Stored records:
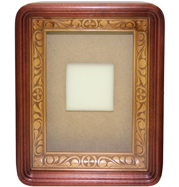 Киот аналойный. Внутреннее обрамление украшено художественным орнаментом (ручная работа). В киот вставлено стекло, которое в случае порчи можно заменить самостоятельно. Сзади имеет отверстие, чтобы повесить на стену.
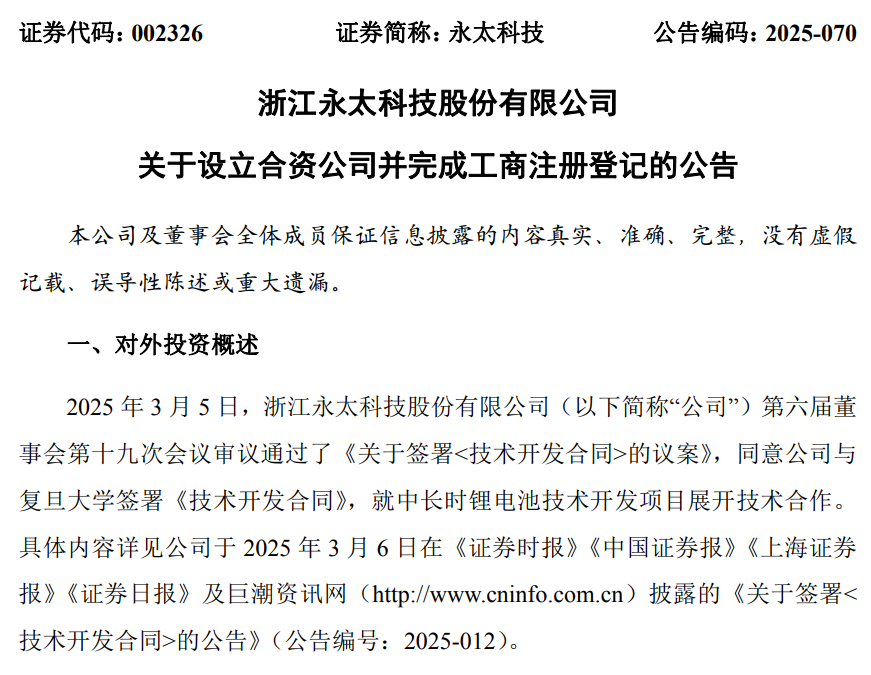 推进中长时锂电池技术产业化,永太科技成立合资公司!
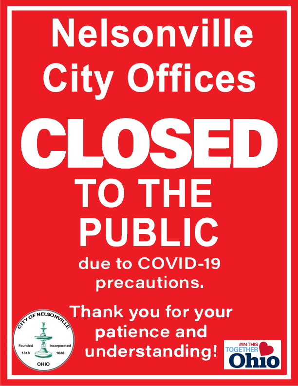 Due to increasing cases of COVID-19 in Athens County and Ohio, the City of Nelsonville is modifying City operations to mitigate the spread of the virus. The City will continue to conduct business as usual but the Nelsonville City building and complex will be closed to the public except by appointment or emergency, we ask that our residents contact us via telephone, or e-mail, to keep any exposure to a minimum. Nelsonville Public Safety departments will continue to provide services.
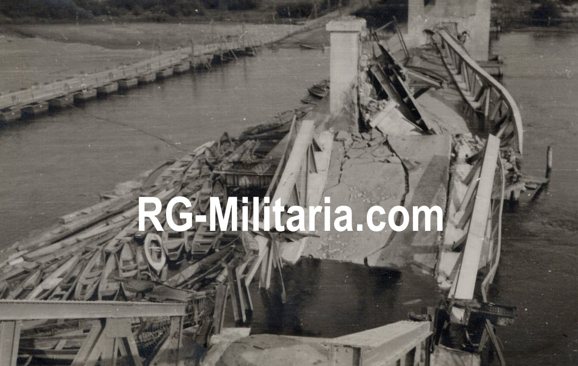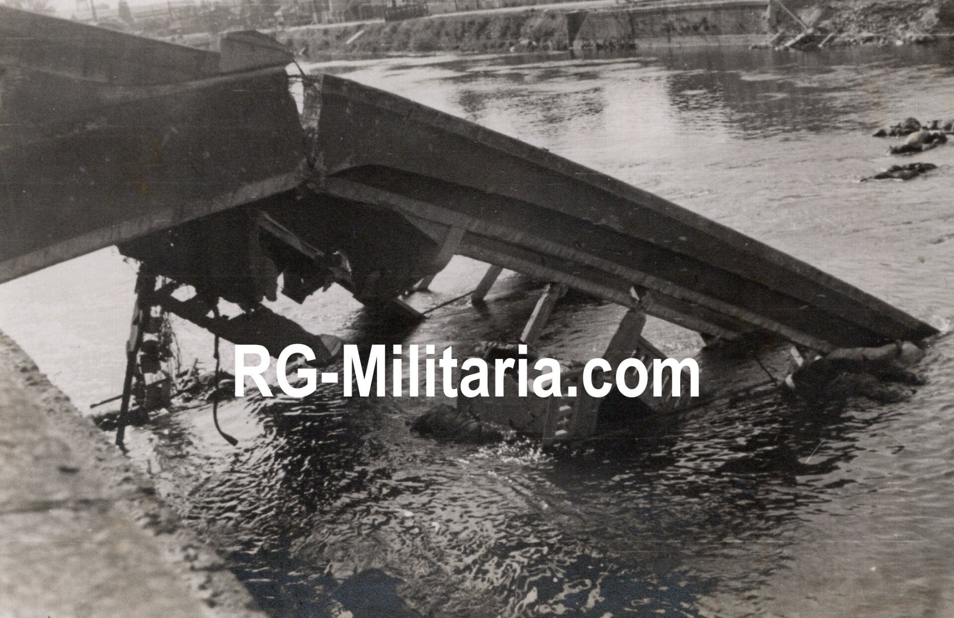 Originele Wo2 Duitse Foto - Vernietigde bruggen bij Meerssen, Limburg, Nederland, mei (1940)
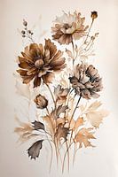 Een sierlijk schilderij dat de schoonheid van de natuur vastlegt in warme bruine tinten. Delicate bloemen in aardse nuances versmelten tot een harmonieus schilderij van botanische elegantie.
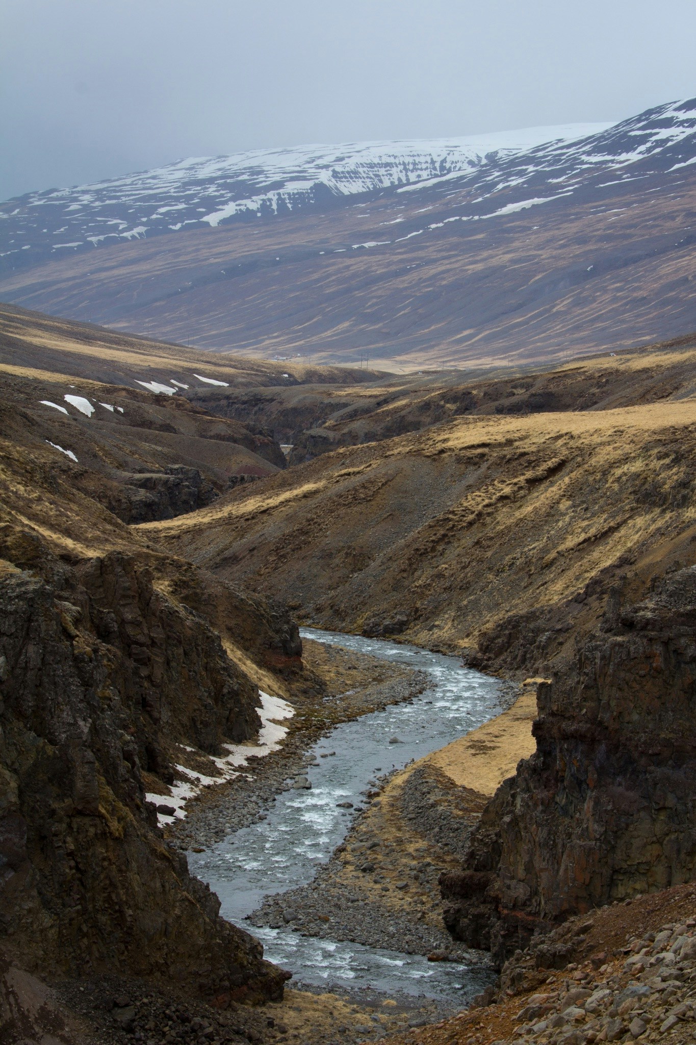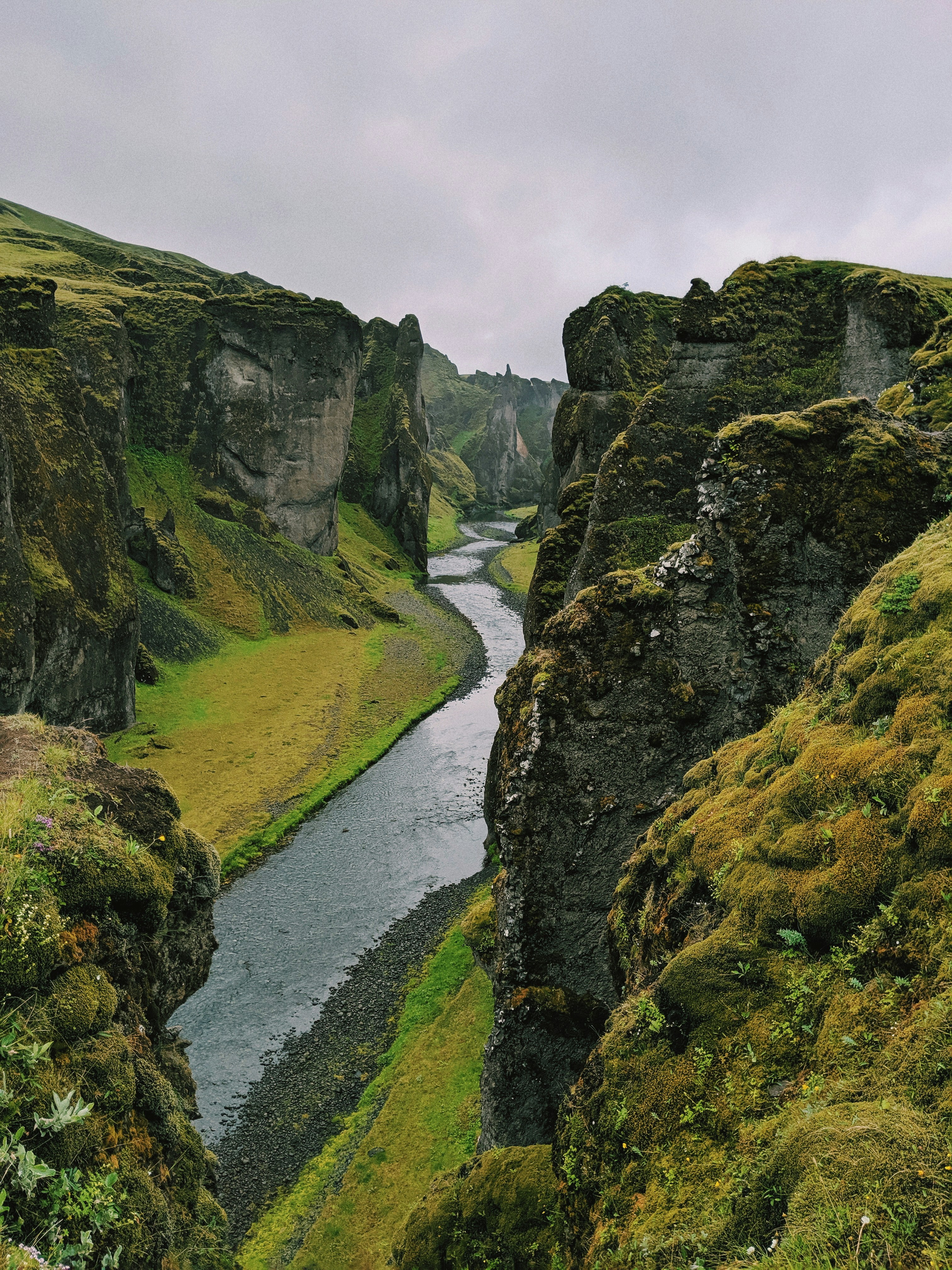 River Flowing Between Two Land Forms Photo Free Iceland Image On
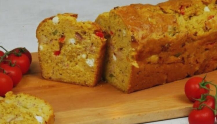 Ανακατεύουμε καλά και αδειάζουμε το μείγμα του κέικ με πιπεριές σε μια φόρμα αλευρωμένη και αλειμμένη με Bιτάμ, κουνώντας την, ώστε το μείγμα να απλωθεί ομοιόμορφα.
--
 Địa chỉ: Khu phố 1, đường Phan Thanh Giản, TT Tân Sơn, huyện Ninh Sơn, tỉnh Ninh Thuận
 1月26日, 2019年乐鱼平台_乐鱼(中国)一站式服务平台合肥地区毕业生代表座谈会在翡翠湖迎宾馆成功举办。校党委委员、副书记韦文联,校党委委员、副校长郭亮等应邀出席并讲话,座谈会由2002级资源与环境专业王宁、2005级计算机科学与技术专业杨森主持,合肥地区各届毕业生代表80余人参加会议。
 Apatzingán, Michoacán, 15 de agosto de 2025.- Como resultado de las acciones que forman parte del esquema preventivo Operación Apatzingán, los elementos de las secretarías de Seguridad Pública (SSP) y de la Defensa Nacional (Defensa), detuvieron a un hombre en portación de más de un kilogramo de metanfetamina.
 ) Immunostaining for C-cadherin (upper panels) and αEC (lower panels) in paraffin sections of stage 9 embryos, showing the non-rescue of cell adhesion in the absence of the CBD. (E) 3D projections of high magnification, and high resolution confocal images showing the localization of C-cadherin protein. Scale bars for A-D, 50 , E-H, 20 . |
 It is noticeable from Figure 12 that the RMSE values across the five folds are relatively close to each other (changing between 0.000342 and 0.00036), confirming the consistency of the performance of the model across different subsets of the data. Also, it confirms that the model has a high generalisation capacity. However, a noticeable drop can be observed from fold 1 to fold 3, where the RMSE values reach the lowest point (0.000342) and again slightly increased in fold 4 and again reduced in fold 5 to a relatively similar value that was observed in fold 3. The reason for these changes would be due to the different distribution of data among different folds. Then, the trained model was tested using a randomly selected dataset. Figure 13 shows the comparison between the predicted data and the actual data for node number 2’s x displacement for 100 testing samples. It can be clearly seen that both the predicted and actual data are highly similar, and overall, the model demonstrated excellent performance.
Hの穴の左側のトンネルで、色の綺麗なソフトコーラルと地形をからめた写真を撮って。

[ACTIVITY] Look above for the line with "Киот аналойный. Внутреннее"; quote it and every line after it, stopping after the line with "Ανακατεύουμε καλά και", exactly, with nothing added and without pictures.

[EXERCISE OUTPUT]
 Киот аналойный. Внутреннее обрамление украшено художественным орнаментом (ручная работа). В киот вставлено стекло, которое в случае порчи можно заменить самостоятельно. Сзади имеет отверстие, чтобы повесить на стену.
 推进中长时锂电池技术产业化,永太科技成立合资公司!
 Due to increasing cases of COVID-19 in Athens County and Ohio, the City of Nelsonville is modifying City operations to mitigate the spread of the virus. The City will continue to conduct business as usual but the Nelsonville City building and complex will be closed to the public except by appointment or emergency, we ask that our residents contact us via telephone, or e-mail, to keep any exposure to a minimum. Nelsonville Public Safety departments will continue to provide services.
 Originele Wo2 Duitse Foto - Vernietigde bruggen bij Meerssen, Limburg, Nederland, mei (1940)
 Een sierlijk schilderij dat de schoonheid van de natuur vastlegt in warme bruine tinten. Delicate bloemen in aardse nuances versmelten tot een harmonieus schilderij van botanische elegantie.
 River Flowing Between Two Land Forms Photo Free Iceland Image On
 Ανακατεύουμε καλά και αδειάζουμε το μείγμα του κέικ με πιπεριές σε μια φόρμα αλευρωμένη και αλειμμένη με Bιτάμ, κουνώντας την, ώστε το μείγμα να απλωθεί ομοιόμορφα.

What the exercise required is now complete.